For the records below, output word for word the lines from the one with "ضبط إعدادات الإضاءة لاسلكيًا - إن" up to and including the one with "Gimnazijsko petje je". No pictures.

[Items from a data source]
+-------+
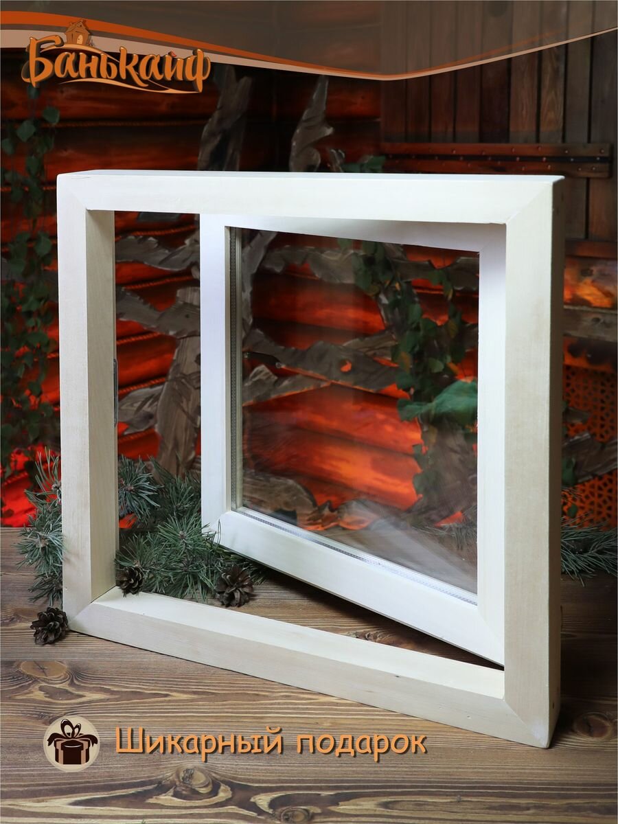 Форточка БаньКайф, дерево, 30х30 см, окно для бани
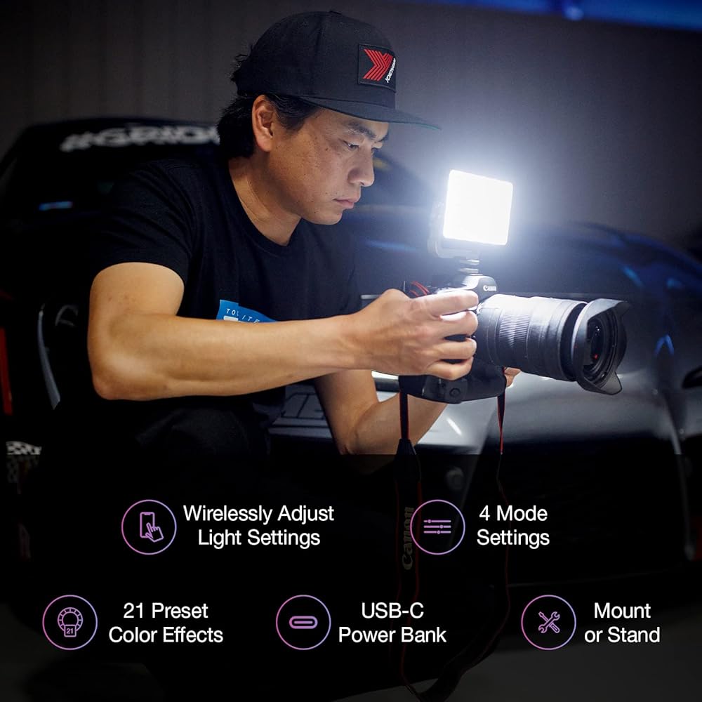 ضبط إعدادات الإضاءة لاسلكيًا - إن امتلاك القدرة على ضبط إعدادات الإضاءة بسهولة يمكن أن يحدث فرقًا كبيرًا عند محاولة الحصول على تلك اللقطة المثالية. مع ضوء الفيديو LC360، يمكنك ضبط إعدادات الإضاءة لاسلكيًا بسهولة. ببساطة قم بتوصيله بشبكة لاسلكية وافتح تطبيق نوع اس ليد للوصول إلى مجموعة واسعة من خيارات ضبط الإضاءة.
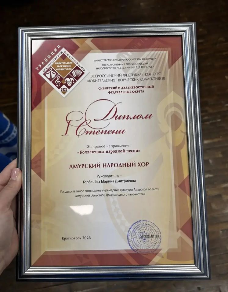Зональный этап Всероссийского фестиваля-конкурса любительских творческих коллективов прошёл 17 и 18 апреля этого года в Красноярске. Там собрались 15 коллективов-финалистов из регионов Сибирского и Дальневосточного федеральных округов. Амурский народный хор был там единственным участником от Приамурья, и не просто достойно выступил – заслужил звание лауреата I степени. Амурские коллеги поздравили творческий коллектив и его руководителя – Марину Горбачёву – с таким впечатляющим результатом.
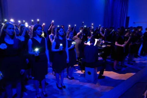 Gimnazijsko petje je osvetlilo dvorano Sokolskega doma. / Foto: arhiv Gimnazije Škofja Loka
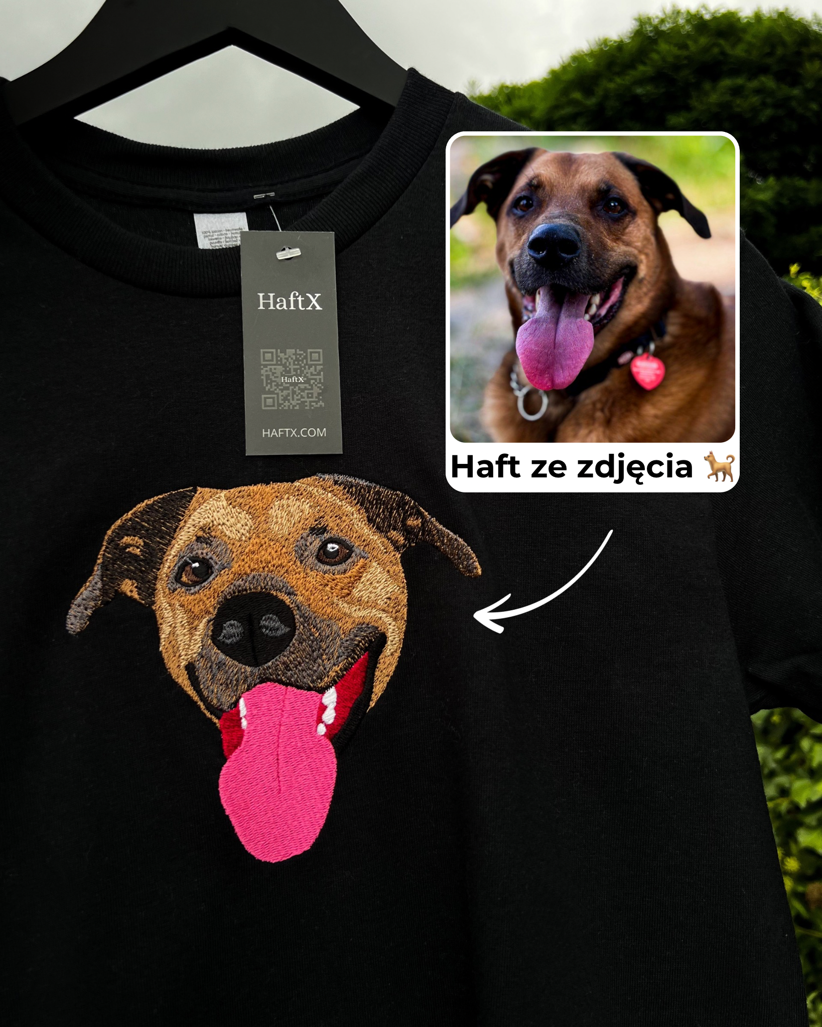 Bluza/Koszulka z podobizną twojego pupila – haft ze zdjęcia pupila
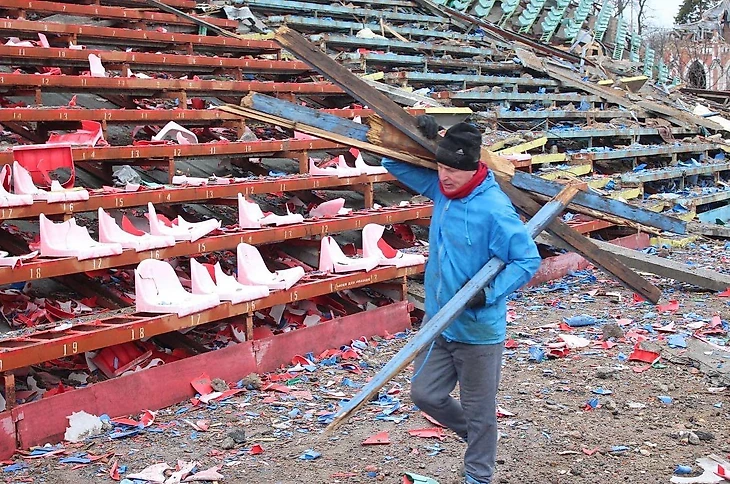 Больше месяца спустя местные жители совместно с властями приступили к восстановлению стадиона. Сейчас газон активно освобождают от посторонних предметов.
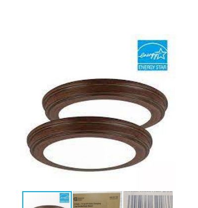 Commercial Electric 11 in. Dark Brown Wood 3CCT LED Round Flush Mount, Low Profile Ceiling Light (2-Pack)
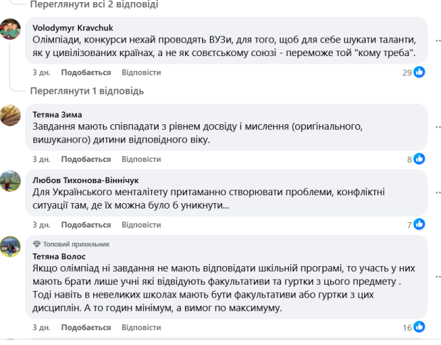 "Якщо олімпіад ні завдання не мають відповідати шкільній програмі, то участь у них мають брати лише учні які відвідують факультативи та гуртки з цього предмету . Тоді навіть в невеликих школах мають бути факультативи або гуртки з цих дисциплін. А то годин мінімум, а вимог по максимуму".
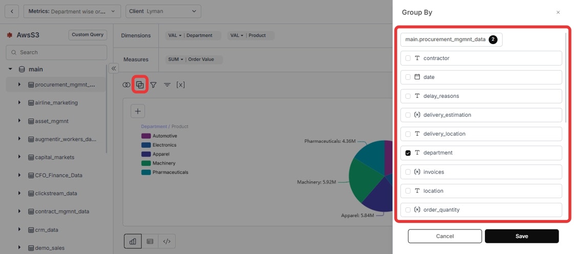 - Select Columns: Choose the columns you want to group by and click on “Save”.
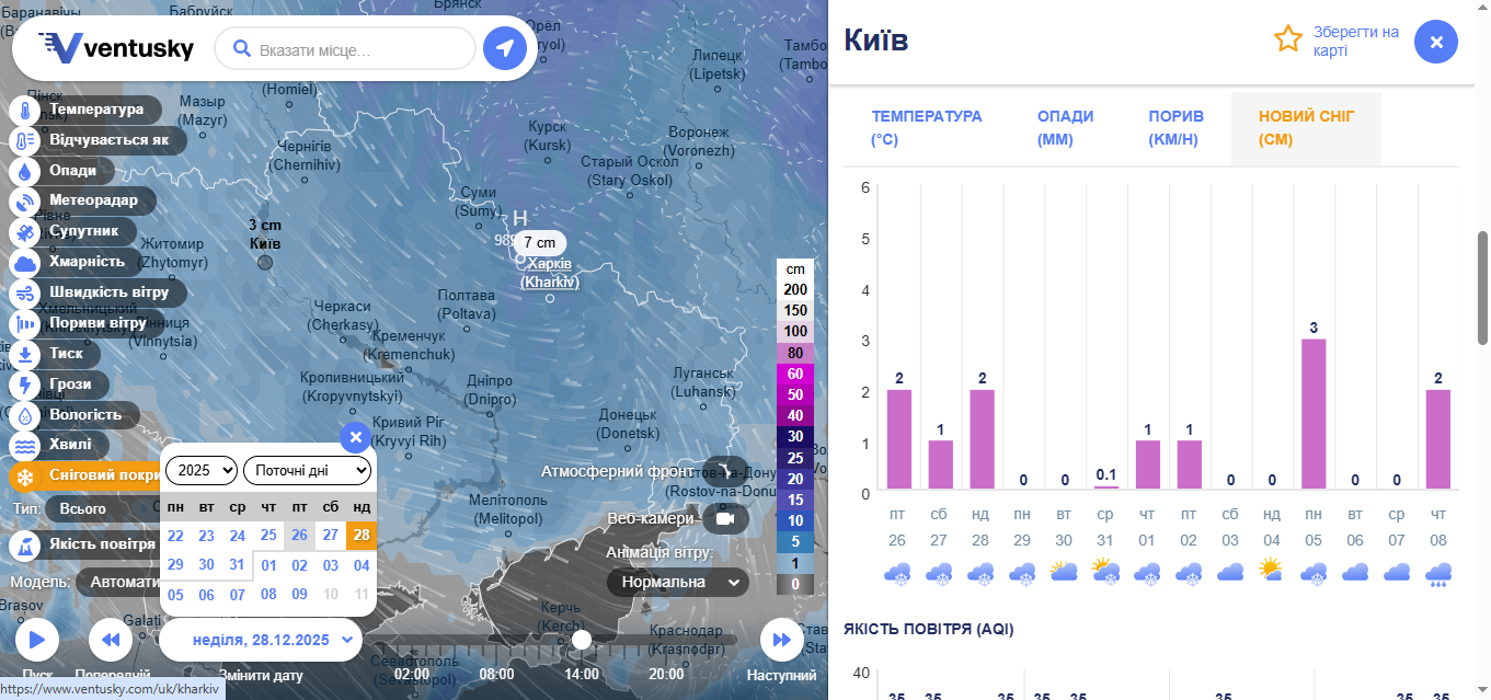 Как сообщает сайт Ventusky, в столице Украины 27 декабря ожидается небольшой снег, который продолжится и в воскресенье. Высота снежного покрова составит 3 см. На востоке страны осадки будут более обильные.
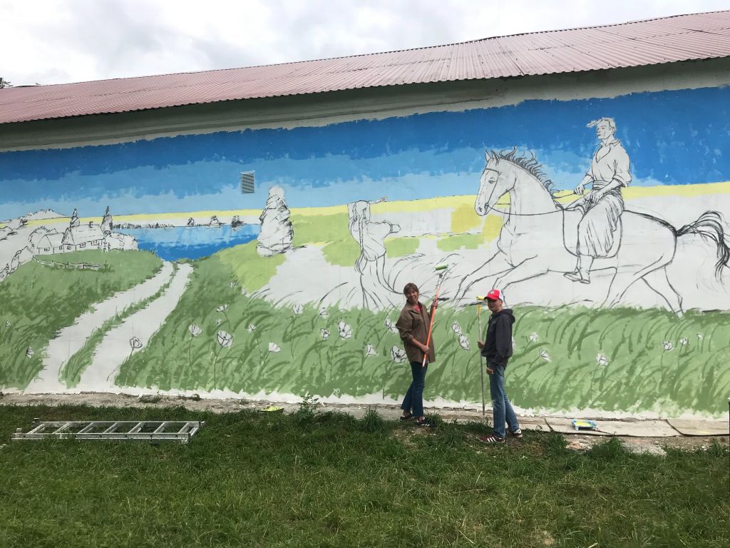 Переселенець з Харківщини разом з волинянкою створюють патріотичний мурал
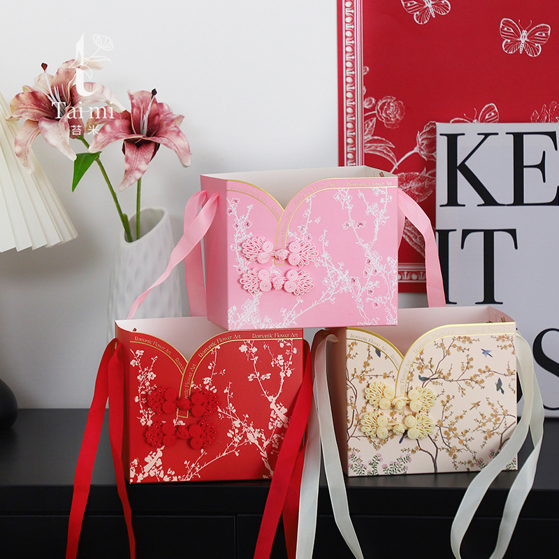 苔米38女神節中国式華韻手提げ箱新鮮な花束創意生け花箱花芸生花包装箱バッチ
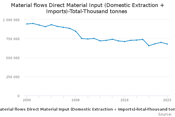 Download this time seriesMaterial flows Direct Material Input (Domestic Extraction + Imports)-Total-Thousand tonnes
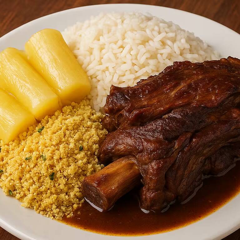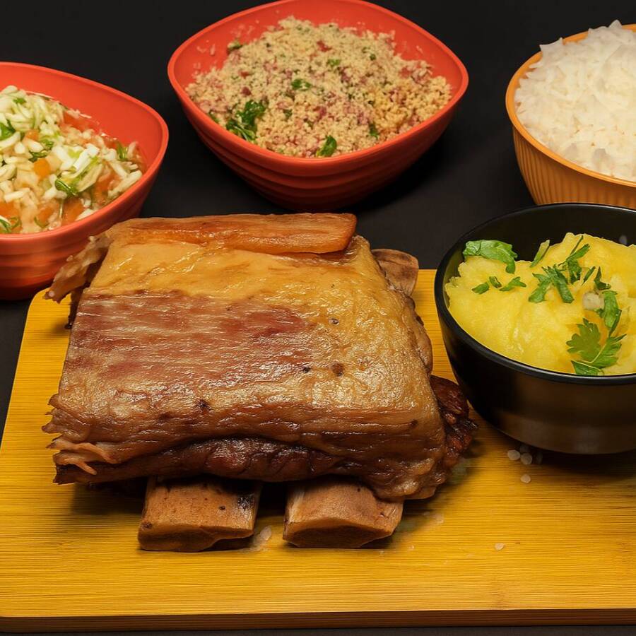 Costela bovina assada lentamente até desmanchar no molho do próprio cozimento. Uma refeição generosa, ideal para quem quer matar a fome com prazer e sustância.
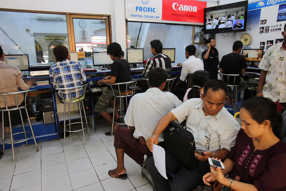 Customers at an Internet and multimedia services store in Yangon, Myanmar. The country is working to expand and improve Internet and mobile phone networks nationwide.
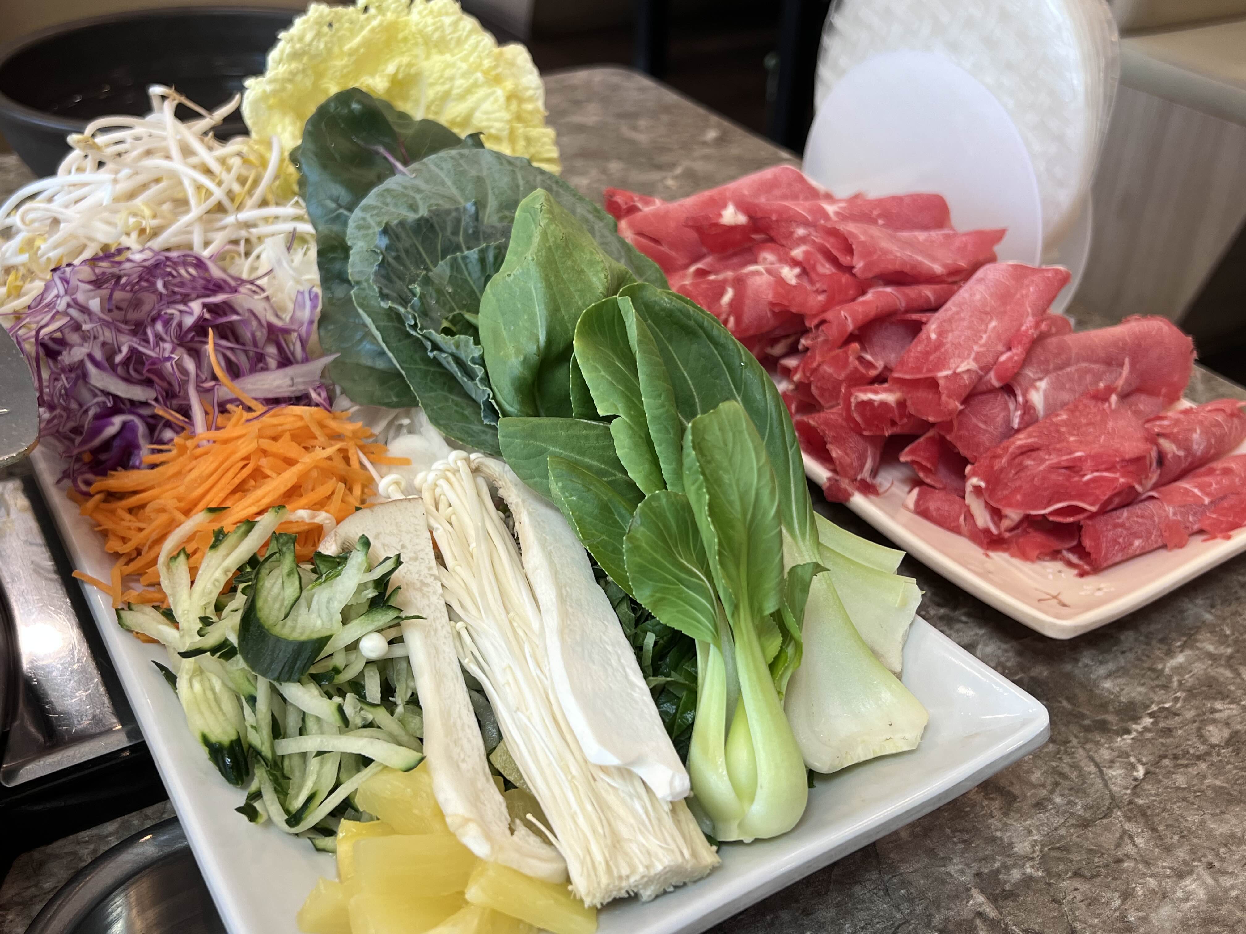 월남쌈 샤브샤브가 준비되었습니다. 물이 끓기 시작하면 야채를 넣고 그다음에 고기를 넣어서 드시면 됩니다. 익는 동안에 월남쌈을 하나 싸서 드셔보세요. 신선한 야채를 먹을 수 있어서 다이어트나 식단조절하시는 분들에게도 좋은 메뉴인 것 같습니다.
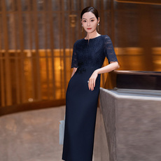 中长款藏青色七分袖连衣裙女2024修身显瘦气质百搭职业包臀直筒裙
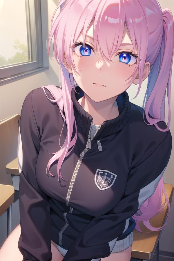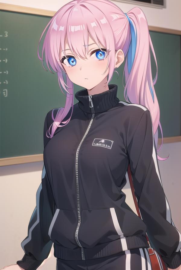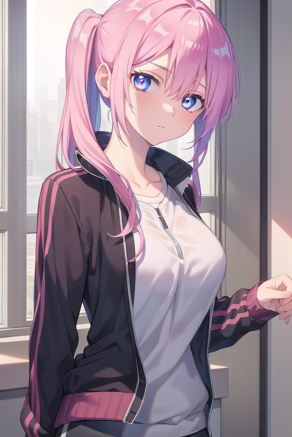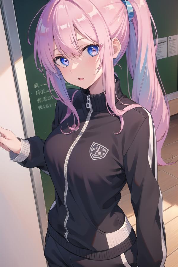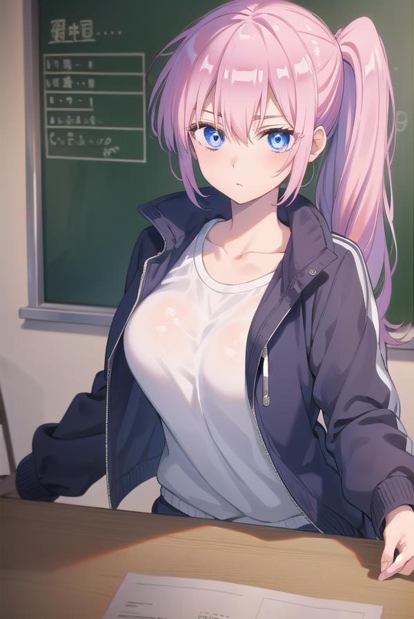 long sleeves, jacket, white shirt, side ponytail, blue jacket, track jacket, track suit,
+-------+
:: Task output ::
 ضبط إعدادات الإضاءة لاسلكيًا - إن امتلاك القدرة على ضبط إعدادات الإضاءة بسهولة يمكن أن يحدث فرقًا كبيرًا عند محاولة الحصول على تلك اللقطة المثالية. مع ضوء الفيديو LC360، يمكنك ضبط إعدادات الإضاءة لاسلكيًا بسهولة. ببساطة قم بتوصيله بشبكة لاسلكية وافتح تطبيق نوع اس ليد للوصول إلى مجموعة واسعة من خيارات ضبط الإضاءة.
Зональный этап Всероссийского фестиваля-конкурса любительских творческих коллективов прошёл 17 и 18 апреля этого года в Красноярске. Там собрались 15 коллективов-финалистов из регионов Сибирского и Дальневосточного федеральных округов. Амурский народный хор был там единственным участником от Приамурья, и не просто достойно выступил – заслужил звание лауреата I степени. Амурские коллеги поздравили творческий коллектив и его руководителя – Марину Горбачёву – с таким впечатляющим результатом.
 Gimnazijsko petje je osvetlilo dvorano Sokolskega doma. / Foto: arhiv Gimnazije Škofja Loka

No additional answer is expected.